Tesis
Estimación de la función de distribución no paramétrica de tiempos de reconfiguración de los controladores de un prototipo de un robot planar.
Fecha
2022-07-01Registro en:
Mantilla Miranda, Alex Santiago. (2022). Estimación de la función de distribución no paramétrica de tiempos de reconfiguración de los controladores de un prototipo de un robot planar. Escuela Superior Politécnica de Chimborazo. Riobamba.
Autor
Mantilla Miranda, Alex Santiago
Resumen
In this study, the estimation of the nonparametric density function of the controller reconfiguration times of a planar robot prototype was investigated. There is a planar robot model designed to solve inverse kinematics, which has two controllers to provide the solution to the approach of four trajectories designed for the research, so that if the main controller fails the other controller is able to resume control of the robot prototype and solve the trajectory in progress, in that process a certain amount of time is invested, this process is known as reconfiguration. It is intended to determine a density function capable of characterizing the behavior of the reconfiguration times used in each of the trajectories.
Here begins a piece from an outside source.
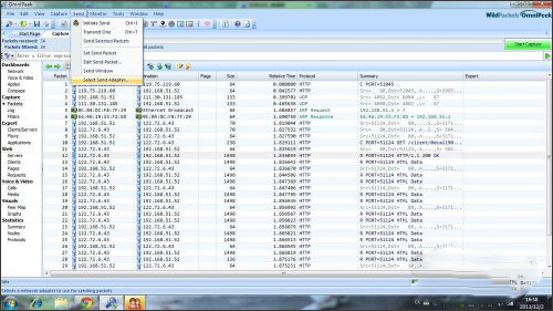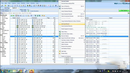 3.这里我们看到抓到了很多包,第一步,选择其中的一个数据包,右键选择set send packet,这一步是选择你要发送的包。第二步,修改包,打开send-edit send packet,进去后你可以任意修改数据包。最后点击send selected packet,发送你已经修改了的数据包给目的地。

The same that has been determined by the kernel or kernel method, the solution has been implemented in an automated way in Matlab so to determine the best estimate were used the kernels of: Epanechnikov, Triangular, Quartic and Normal or Gaussian, the kernels need a bandwidth, the same that has been used under the Silverman parameter. The selection of the best kernel for estimation is based on the mean square error criterion, the best kernel for estimation being the Gaussian kernel with a mean square error of 2.9085% in trajectory 1, 3.4843% in trajectory 2, 2.3345% in trajectory 3 and 2. 4747% in trajectory 4, in addition the reliability at 95% per trajectory was determined as a function of the reconfiguration time giving as a result: 1.036 s in trajectory 1, 0.9601 s in trajectory 2, 09729 s in trajectory 3 and 1.002 s in trajectory 4. It is recommended to perform statistical tests relevant to the treatment of non-normal datasets.